# Put up my first prop for the season



## rivrat (Oct 11, 2006)

I started to put out a few of my props tonight and I'm still working on getting the rest finished to set up my garage.
This is a pic. of the prop I have in my attic window over looking my frontdoor.




































Here is a light fixture I'm making for the haunted garage's skull room, it is made from 3 skull candle holders and 3 styrofoam skulls I got from walgreens. I'm also going to take a flicker bulb and socket and place in the middle of the styrofoam skulls and put mini glow sticks inside the bottom candle holders to give it the spooky effect. I will post pics. of it lit up at night when I get it finished.
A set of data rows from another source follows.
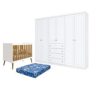 Berço Americano Isis Branco Acetinado Savana - Reller e Guarda Roupa Casal Americano 6 Portas Branco HP com Colchão Ortobom – Henn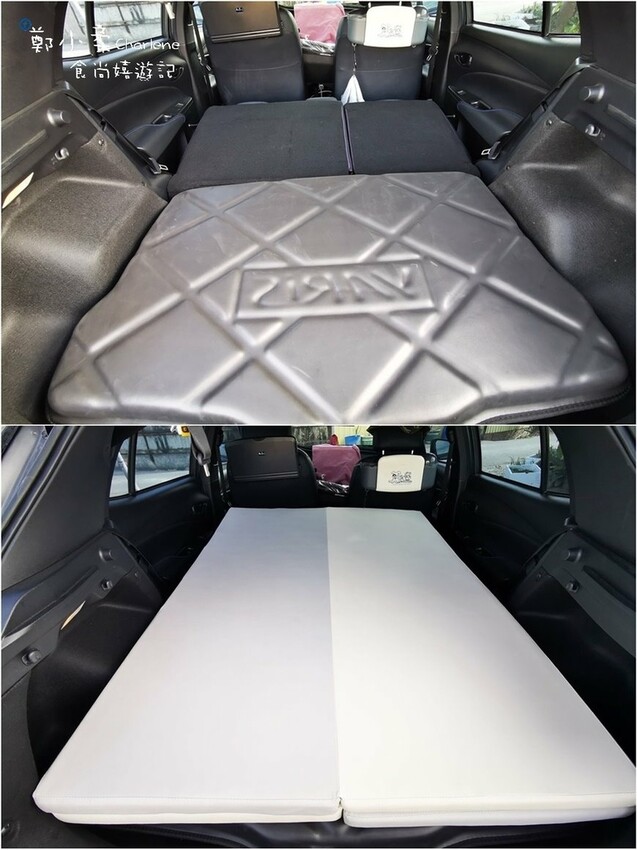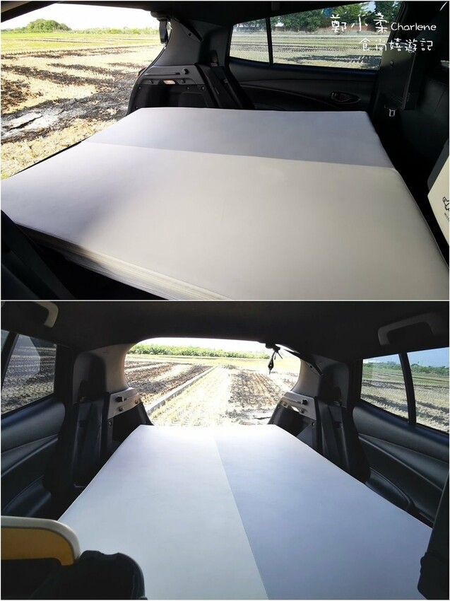 ▼擺上現有的小孩遊戲墊,充當軟墊式床墊,Yaris後座平整化瞬間完成啦!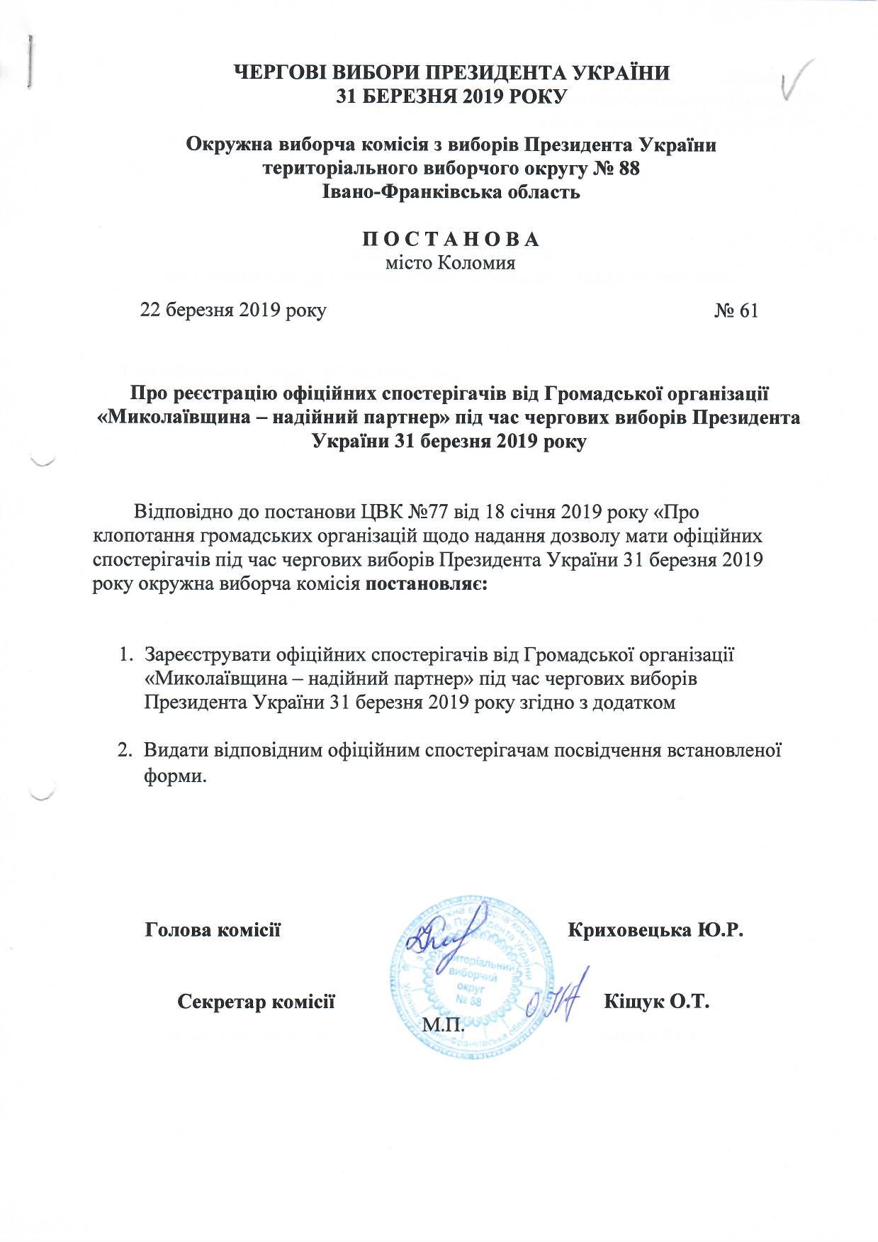 Про реєстрацію офіційних спостерігачів від Громадської організації «Миколаївщина – надійний партнер» під час чергових виборів Президента України 31 березня 2019 року |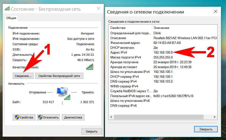 - Нажмите на кнопку «Сведения» и найдите в появившемся списке строку «Адрес IPv4». В ней будет указана нужная вам информация.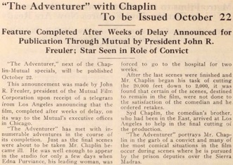 & Exhibitors to get New Chaplin „Adventurer“ Feature on Oct. 22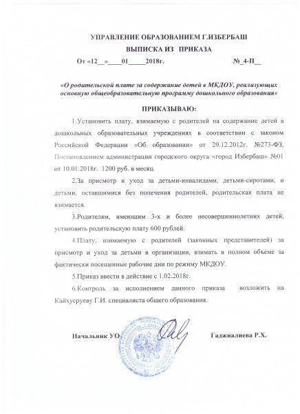 Документ об установлении размера платы, взимаемой с родителей (законных представителей)
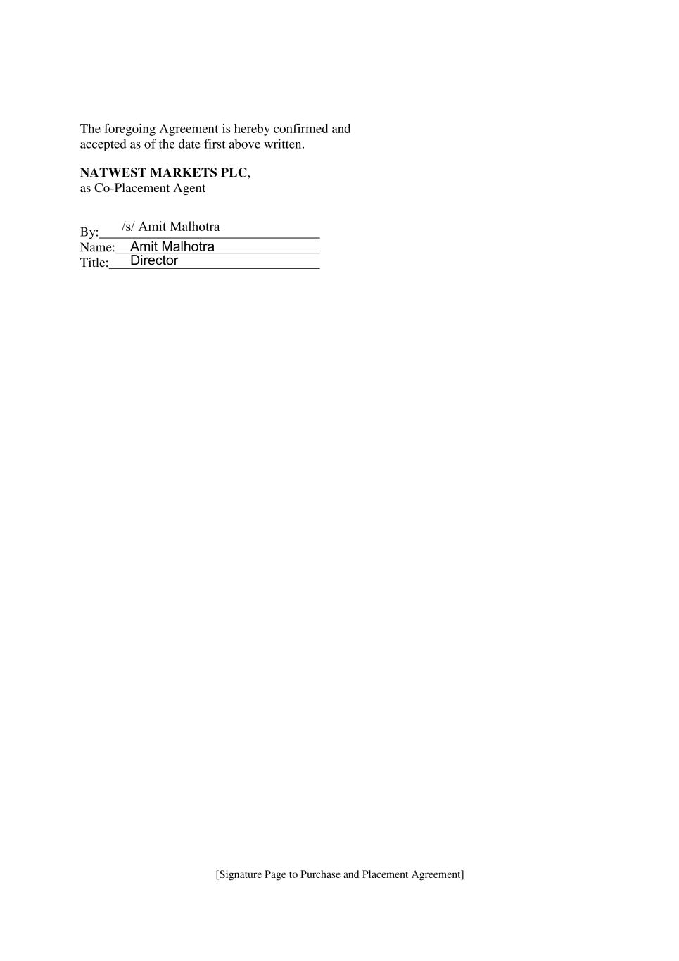 [Signature Page to Purchase and Placement Agreement] The foregoing Agreement is hereby confirmed and accepted as of the date first above written. NATWEST MARKETS PLC, as Co-Placement Agent By: Name: Title: Amit Malhotra Director /s/ Amit Malhotra

Let me know what you think,
rivrat


----------



## Dr Morbius (Sep 21, 2004)

I like! I wish I had an attic window.


----------



## Fangs (Jun 6, 2006)

That looks reallly sveet rivrat!!! :> Very Very nice


----------



## Death's Door (Mar 22, 2006)

Good job rivrat!!!!


----------



## DeadSpider (Feb 3, 2006)

Nice attic prop. I wish I had an attic window... or an attic that was accessible. Did you put a fan on it so it moves at all?


----------



## rivrat (Oct 11, 2006)

ya I put a fan behind it so it moves a little from side to side and the bottom fabric also moves back and forth a little. I'm thinking of adding a small strobe light to see what that will do for it.


----------



## rivrat (Oct 11, 2006)

Just about done with the skull candle that will go into my skull room.

here's a few pics of it.


















rivrat


----------



## darryl (Mar 23, 2006)

Heck, maybe I'll add a dormer window to my house so I can do that. Looks cool.


----------



## rivrat (Oct 11, 2006)

I can thank my wife for our dormer window because when we had the house built that was one of her requirements. She also always wanted me to put something up there for halloween but I never have till now.

Steve


----------



## Eric Striffler (May 6, 2006)

Verrrrrrrrrrry cool.
Nice window haha. 
And the skulls look sick!


----------